Download or read book Genocide War Crimes and Crimes Against Humanity written by Jennifer Trahan and published by . This book was released on 2004 with total page 296 pages. Available in PDF, EPUB and Kindle. Book excerpt: This unique book organizes the decisions of the International Criminal Tribunal for the former Yugoslavia by topic, including genocide, crimes against humanity, war crimes, individual criminal responsibility, command responsibility, affirmative defenses, jurisdiction, sentencing, fair trial rights, guilty pleas and appellate review. In selected cases, the book also applies key aspects of the law to the facts of the case.
Download or read book International Law and New Wars written by Christine Chinkin and published by Cambridge University Press. This book was released on 2017-04-27 with total page 611 pages. Available in PDF, EPUB and Kindle. Book excerpt: Examines the difficulties in applying international law to recent armed conflicts known as 'new wars'.
Download or read book Targeted Killing in International Law written by Nils Melzer and published by Oxford University Press on Demand. This book was released on 2008-05-29 with total page 523 pages. Available in PDF, EPUB and Kindle. Book excerpt: This title examines the international lawfulness of state-sponsored targeted killings in military and police operations. Analysing recent state practice and jurisprudence, it establishes when targeted killing may be considered lawful, and what legal restraints are imposed on the practice in times of war and peace.

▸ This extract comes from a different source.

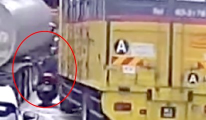 摩托车被罗里包夹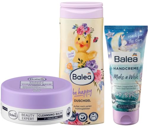 Balea 3er-Set Hautpflege: Reinigungsmousse Beauty Expert CLEANSING BALM (100 ml) + Cremedusche BE HAPPY Duschgel mit Duft nach zarten Frühlingsblüten (300 ml) + Handcreme MAKE A WISH (100 ml), 500 ml

Download or read book The Russian Ukrainian Conflict and War Crimes written by Patrycja Grzebyk and published by Taylor & Francis. This book was released on 2024-10-07 with total page 318 pages. Available in PDF, EPUB and Kindle. Book excerpt: This book offers a multidisciplinary examination of the international crimes committed in the Russia-Ukraine War, and the challenges of their prosecution and documentation. As the largest international armed conflict in Europe since World War II, Russia’s war against Ukraine has provoked strong reactions and questions about the post-1945 world order, the utility of the war, and the effectiveness of international criminal justice. Throughout the chapters in this volume, scholars and legal practitioners from Canada, Germany, Poland, Ukraine, the UK, and the United States present the results of interdisciplinary research, insights from the perspective of other post-communist states, and first-hand expertise from directly working on the documentation and prosecution of these crimes. This offers a broader picture of post-Cold War relations and sheds light on the roots and nature of the war and the importance of regional approaches. The chapters also present some possible responses to the crimes committed in the conflict, with a focus on a victims-centered approach to transitional justice. This volume will be of interest to scholars and students of international criminal and humanitarian law, security studies, peace and conflict studies, and Eastern European history.